You might want omit wireless interface in the list in case you are not sure whether you guessed correct name of interface. In case you were wrong, dhcpd will not start.
Boot ALIX
Now is time to finally halt (via halt command) virtual machine. Put CF card with your fresh OpenBSD installation and power it on. Connect your PC with ALIX vr1 interface via patch cable (vr1 interface is second when you are counting from power plug). Providing you have correct setup you should get IP via DHCP and be able to log to 192.168.43.1 as root from your PC.
$ dhclient eth0
$ ssh root@192.168.43.1
List interfaces via ifconfig command to see if all interfaces are configured correctly.
# ifconfig
lo0: flags=8049<UP,LOOPBACK,RUNNING,MULTICAST> mtu 33196
priority: 0
groups: lo
inet6 ::1 prefixlen 128
inet6 fe80::1%lo0 prefixlen 64 scopeid 0x4
inet 127.0.0.1 netmask 0xff000000
vr0: flags=8843<UP,BROADCAST,RUNNING,SIMPLEX,MULTICAST> mtu 1500
lladdr 00:0d:b9:13:ae:44
priority: 0
groups: egress
media: Ethernet autoselect (100baseTX full-duplex)
status: active
inet6 fe80::20d:b9ff:fe13:ae44%vr0 prefixlen 64 scopeid 0x1
inet 188.167.185.22 netmask 0xfffffc00 broadcast 188.167.187.255
vr1: flags=8843<UP,BROADCAST,RUNNING,SIMPLEX,MULTICAST> mtu 1500
lladdr 00:0d:b9:13:ae:45
priority: 0
media: Ethernet autoselect (100baseTX full-duplex)
status: active
inet 192.168.43.1 netmask 0xffffff80 broadcast 192.168.43.127
inet6 fe80::20d:b9ff:fe13:ae45%vr1 prefixlen 64 scopeid 0x2
enc0: flags=0<>
priority: 0
groups: enc
status: active
ral0: flags=8c43<UP,BROADCAST,RUNNING,OACTIVE,SIMPLEX,MULTICAST> mtu 1500
lladdr 00:19:db:9a:70:7d
priority: 4
groups: wlan
media: IEEE802.11 autoselect hostap (autoselect mode 11b hostap)
status: active
ieee80211: nwid miesivata chan 1 bssid 00:19:db:9a:70:7d wpakey 0x275c129801957c2f07a86ed85e1911df26827c07b3998bc53da7f4daae9793e wpaprotos wpa1,wpa2 wpaakms psk wpaciphers tkip,ccmp wpagroupcipher tkip 100dBm
inet 192.168.43.129 netmask 0xffffff80 broadcast 192.168.43.255
inet6 fe80::219:dbff:fe9a:707d%ral0 prefixlen 64 scopeid 0x5
pflog0: flags=141<UP,RUNNING,PROMISC> mtu 33196
priority: 0
groups: pflog
If you havent guest name of your wireless interface correctly your name would be missing and another unconfigured interface would show up. In that case do following:
- correct name of config file /etc/hostname.ifname to wireless network interface
- correct wlan_if variable value at top of /etc/pf.conf
- add wireless network interface to dhcpd_flags in /etc/rc.conf.local
Reboot to chect if everything works correctly after startup. Here is check list of features which should work.
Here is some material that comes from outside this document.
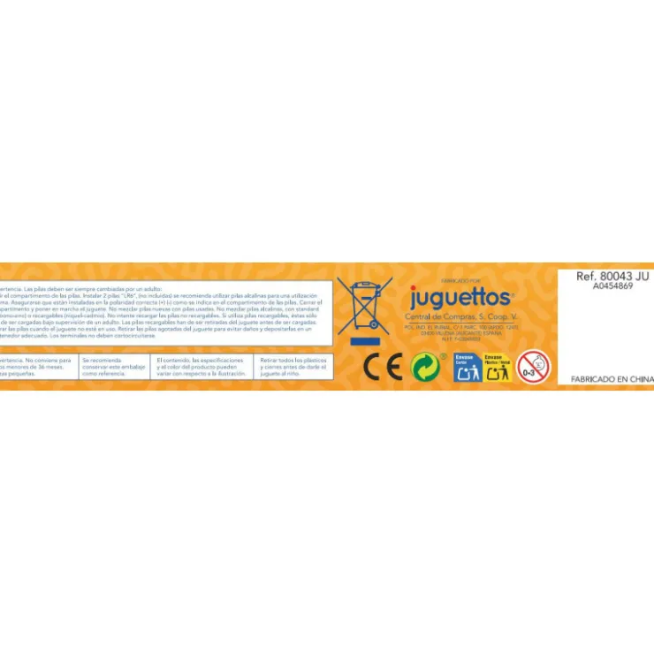 Las pilas deben ser siempre cambiadas por un adulto: abrir el compartimento de las pilas. Instalar 2 pilas LR6 (no incluidas) se recomienda utilizar pilas alcalinas para una utilización óptima. Asegurarse que están instaladas en la polaridad correcta + – como se indica en el compartimento de las pilas. Cerrar el compartimento y poner en marcha del juguete. No mezclar pilas nuevas con pilas usadas, No mezclar pilas alcalinas, con standard carbono-zinc o recargables níquel-cadmio. No intente recargar las pilas no recargables. Si utiliza pilas recargables, éstas sólo han de ser cargadas bajo supervisión de un adulto. Las pilas recargables han de ser retiradas del juguete antes de ser cargadas. Retirar las pilas cuando el juguete no esté en uso. Retirar las pilas agotadas del juguete para evitar daños y depositarlas en un contenedor adecuado. Los terminales no deben cortocircuitarse.

- DHCP on LAN network (already checked)
- Internet connection on LAN network
- Wireless network with WPA encryption
- DHCP on wireless network
- Internet connection on wireless network
- Console access through serual port (see next section)
Test Serial Port Console
Most of ALIX boards don't have graphics adapter, so in case of emergency serial port will be only way to communicate with the machine. It's a good idea to test it before you will needed it for real. Login as root and prepare minicom configuration file ~/.minicom.alix:
pu port /dev/ttyS0
pu baudrate 38400
pu bits 8
pu parity N
pu stopbits 1
pu rtscts No
Connect your PC and ALIX with null-modem cable and start minicom.
# minicom alix
If your connection is working correctly standard login prompt should appear (if not try hit enter).
OpenBSD/i386 (miesivata.my.domain) (tty00)
login:
Conclusion
I hope that you enjoyed straightforwardness of OpenBSD like I do. Final system is still far from perfect. Consider this state rather functional minimum and starting point for further customization to fit your specific needs. There are plenty applications for further consideration e.g. low-performance NAS, CUPS print server, DNS for your local network or MPD music player.